C.I.M. ricorre avverso la sentenza della Corte di appello di Catanzaro, emessa il 18.6.09 in sede di rinvio da sentenza di annullamento della Cassazione del 12.12.07, con la quale è stata confermata la sentenza 28.3.06 del G.u.p. del Tribunale di Vibo Valentia che ha condannato il prevenuto, in concorso di attenuanti generiche, alla pena di anni quattro di reclusione, oltre le pene accessorie di legge, per il reato di tentato omicidio.

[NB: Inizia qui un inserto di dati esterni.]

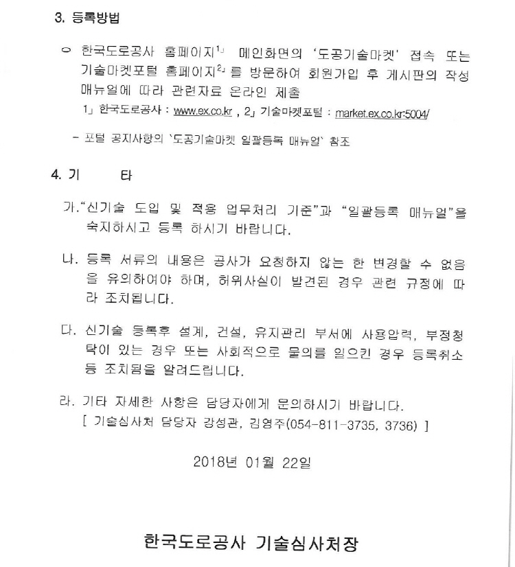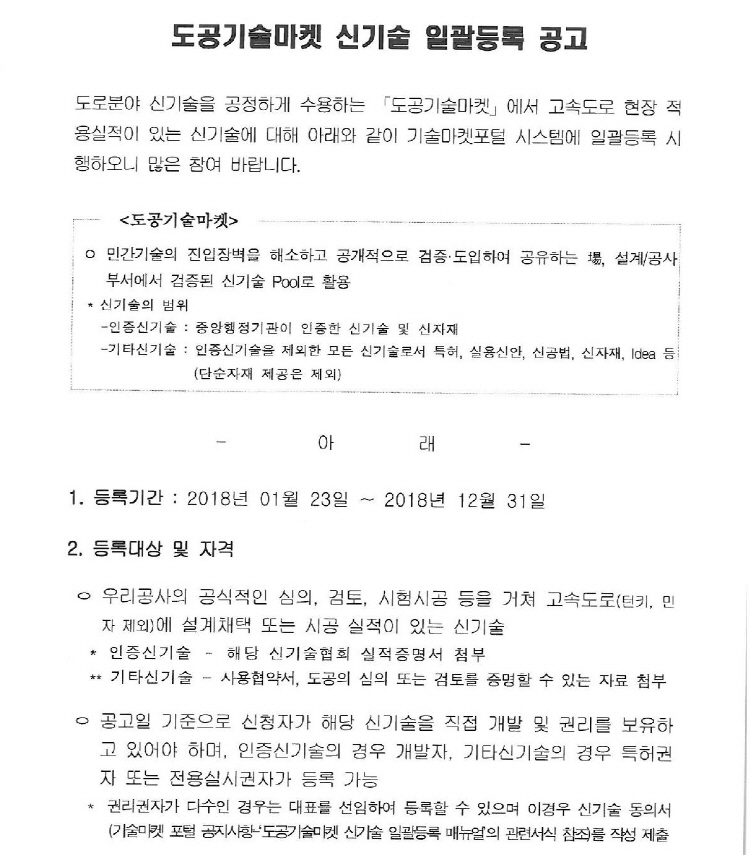 한국도로공사 '도공기술마켓' 운영 알림 2018-01-29 * 한국도로공사 협조요청에 의한 안내입니다. 문의사항 : 기술심사처 담당자 강성관, 김영주(054-811-3735,3736) 목록보기 이전글교통사고 잦은 곳 개선하니 사망자 66% 줄었네2018.01.30 다음글전기·가스 점검으로 우리집 화재 예방하세요2018.01.29

Deduce il ricorrente, nel chiedere l’annullamento dell’impugnata sentenza, con il primo motivo violazione di legge per essere le argomentazioni del giudice di appello inidonee a provare la volontarietà del gesto posto in essere dal C., desunta dalle dichiarazioni della p.o. S.P.A. e dal tenore delle conversazioni telefoniche dell’imputato, oggetto di intercettazione.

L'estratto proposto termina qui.